Friday, March 12, 2004

The pilgrims had sold their cows and furniture to raise money for the trip and braved car bombs and shootouts to get here. When Habeeb Allah Jagha Kaboudi finally arrived at the gold-domed shrine of the man Shiite Muslims consider the rightful successor to the prophet Muhammad, he fell to his knees. He chanted. He prayed. He cried.
Then he went shopping.

Since war ended in May, visitors estimated to be in the hundreds of thousands have braved continuing violence to travel to a country that was virtually closed to outsiders during three decades of rule by Saddam Hussein and his Baath Party...

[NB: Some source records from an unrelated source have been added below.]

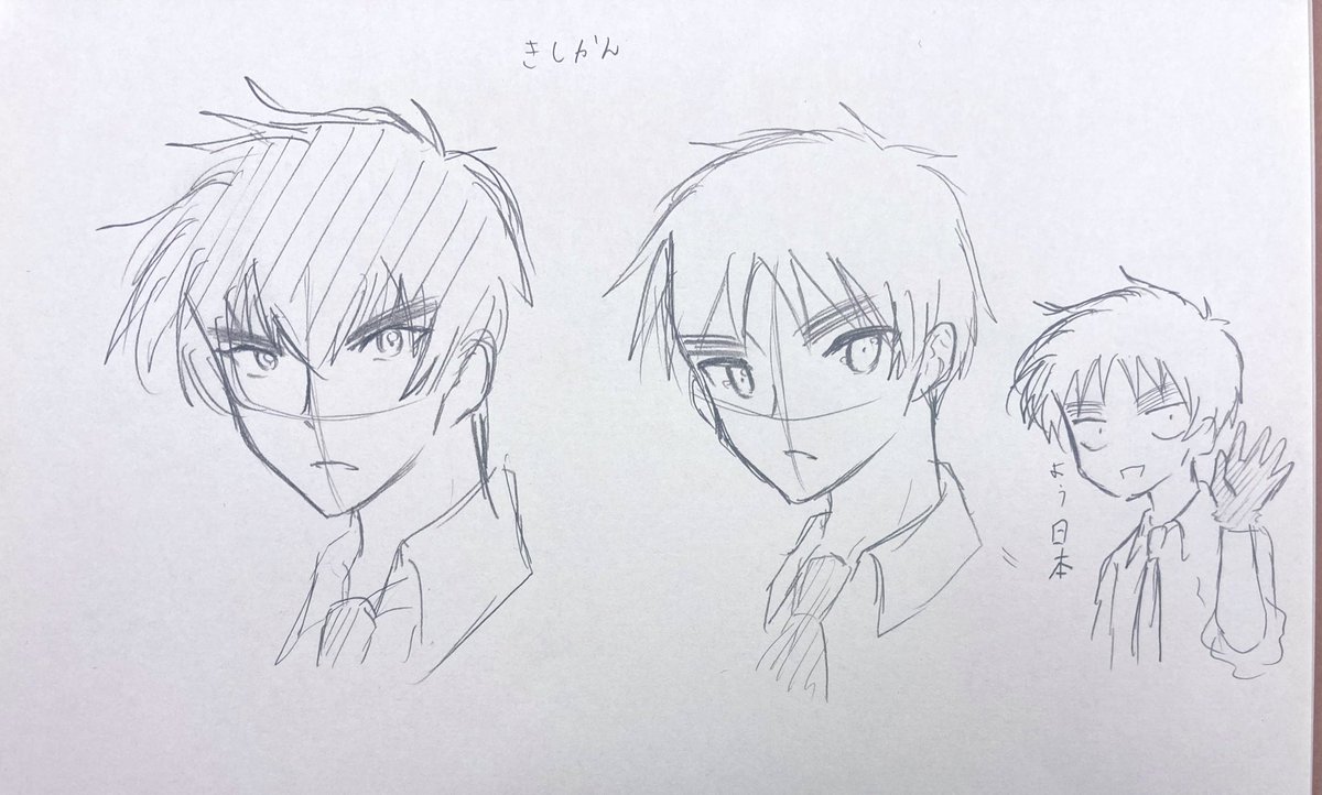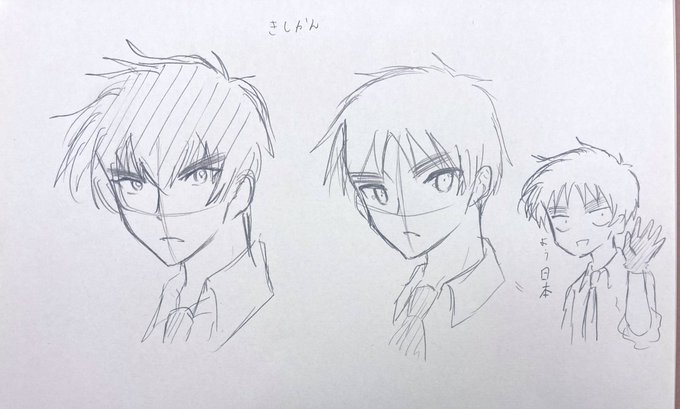 既視感 と、おまけのゆきめちゃん風日本さん 初めてぬ~べ~描いたー #ヘタリア #イラスト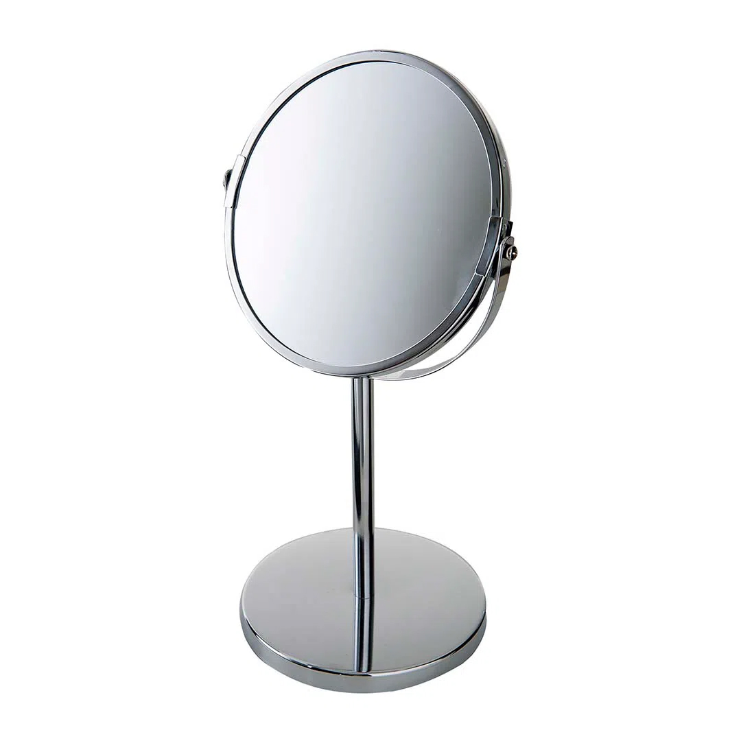 Com design moderno e sofisticado, o Espelho de Aumento Dupla Face com pedestal permite maior precisão na hora de barbear, modelar sobrancelhas, fazer aquela maquiagem especial ou colocar as lentes de contato. Sua estrutura, produzida em aço cromado, confere qualidade e durabilidade ao produto. Com giratória do espelho em até 360°, uma de suas faces é normal e a outra amplia a imagem refletida em até duas vezes. Seu pedestal alto permite que seja posicionado em diversas bases, direcionando facilmente o espelho na posição desejada. Perfeito para compor seu banheiro ou quarto e até mesmo para auxiliar durante as gravações de vídeos para a internet.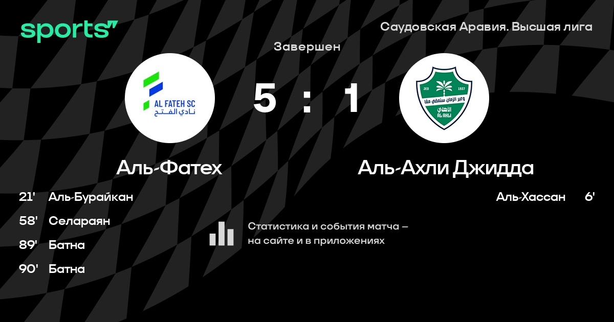 Аль-Фатех – Аль-Ахли Джидда: Аль-Ахли Джидда забивает в 4 последних матчах против этого соперника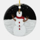 Cute Snowman Enjoying The Moon Painting Ceramic Tree Decoration
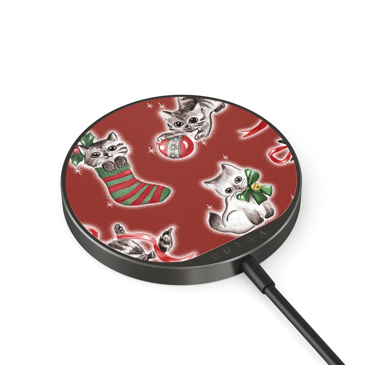 此設計特色:貓咪,聖誕襪,小貓,紅綠圖案,活潑的貓咪,聖誕裝飾品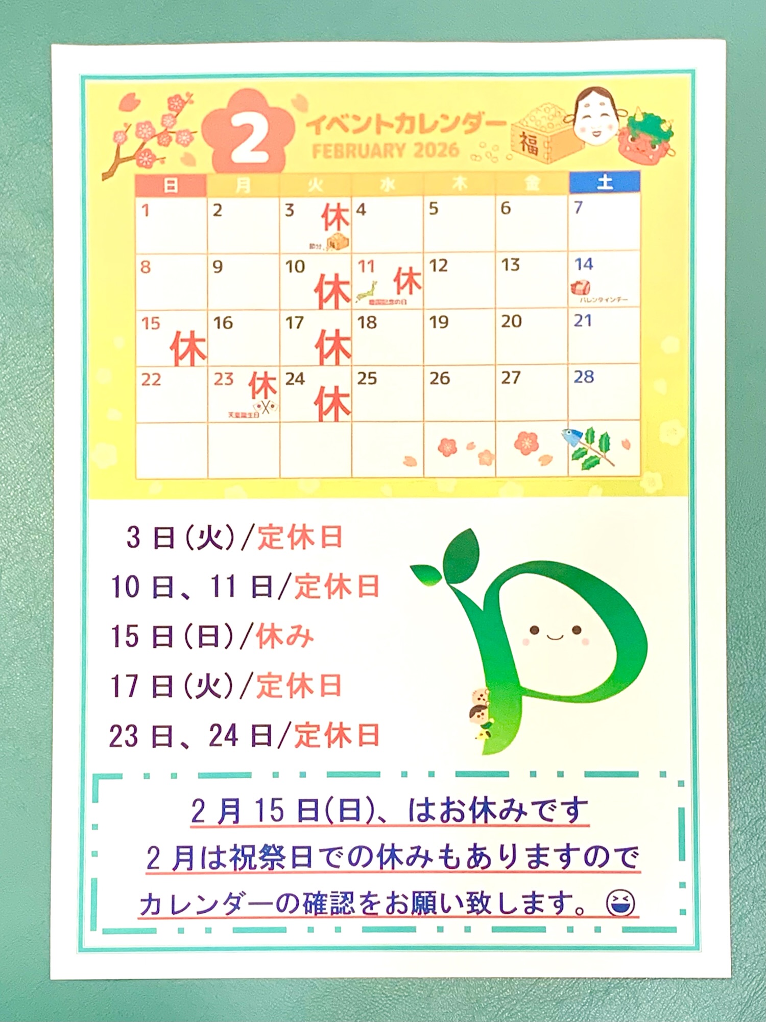 【2月の予定カレンダーです】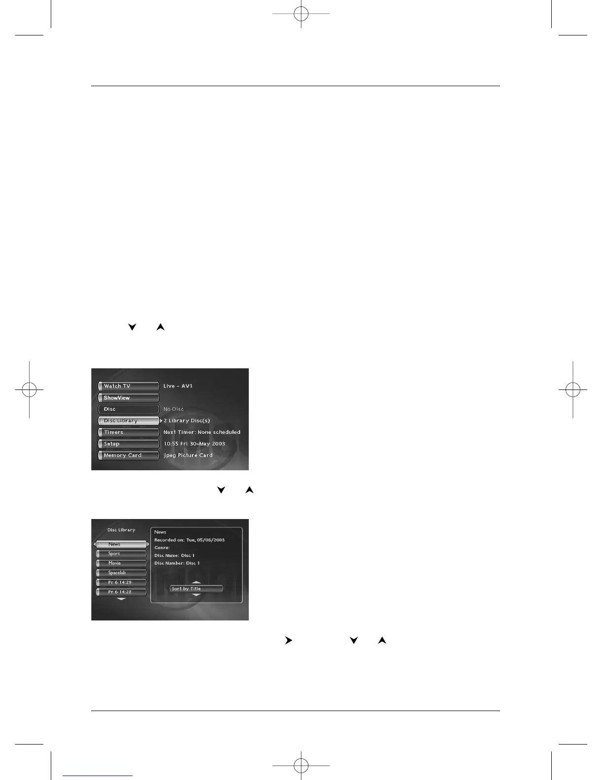 (DVD+R or +RW discs only). In order to help you to find a title, the library also has sorting functions to assist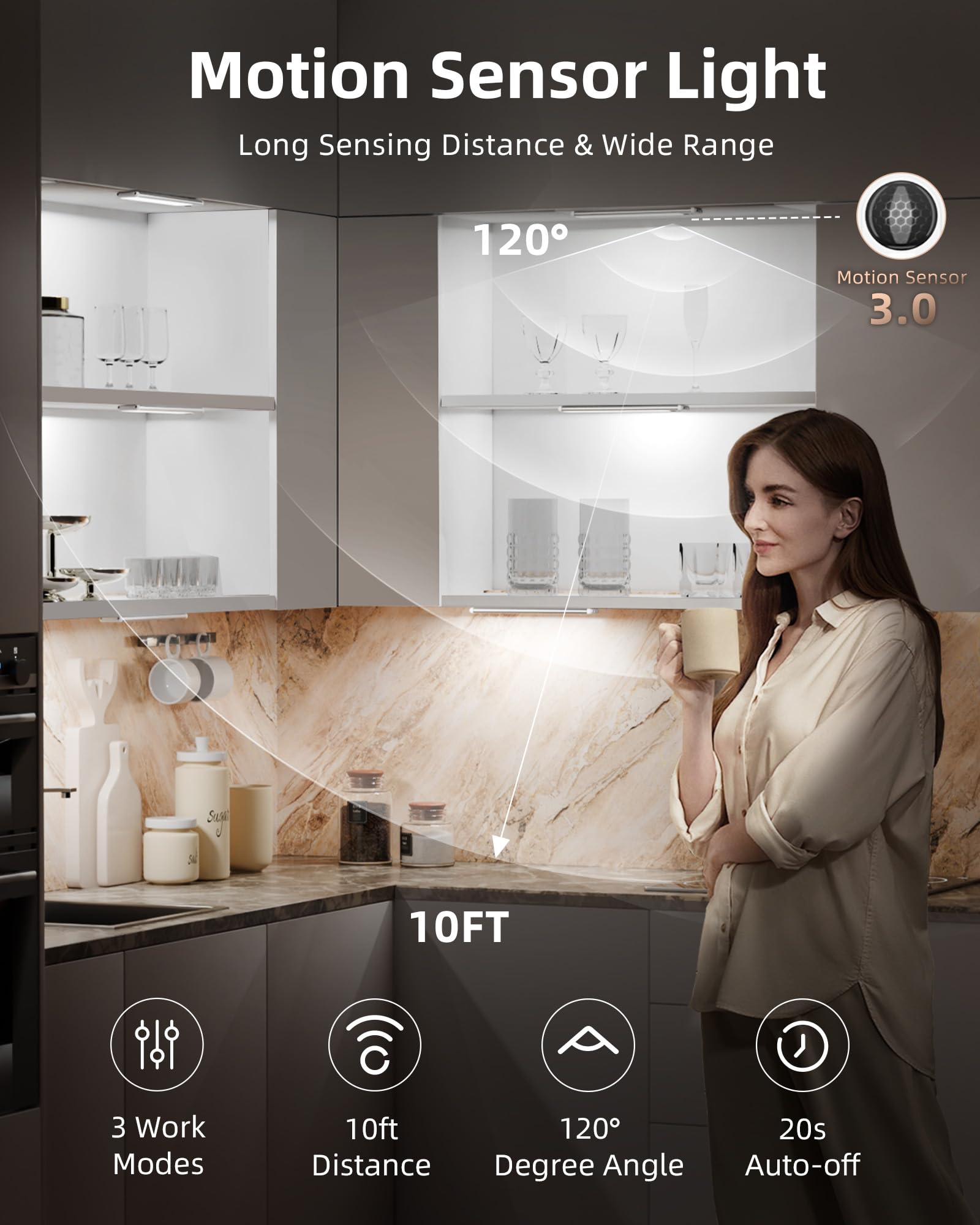 - 【Motion & Daylight Sensor】—In [Day Mode], the motion sensor lights turn on with motion day or night, but [Night Mode] is activated only in dark environments when movement is detected within a 10ft / 120° range and shuts off automatically after 20 seconds of no movement. To conserve energy, it won't turn on in sufficient daylight.The lights are ideal as closet lights, under cabinet lights wireless, wine cabinets lights, and display lighting, rechargeable under cabinet lighting.

Before the war, Najaf and Karbala were tranquil places where women in black robes glided around among scholars engaged in decades-long study of the Koran. Now the sister cities have the hustle and bustle of a crowded bazaar. Vendors cooking sticky sesame sweets on the streets beckon for visitors to try a taste. Long buses crammed with all manner of goods — clothes, toys, washing machines, ovens — line up neatly on the streets.

Tourism has provided a much-needed boost to Najaf's economy, and in many ways it has brought out the best in many of its residents. Some have taken to hosting visitors as they might their own families, handing out tea, dates, blankets and even shelter for free.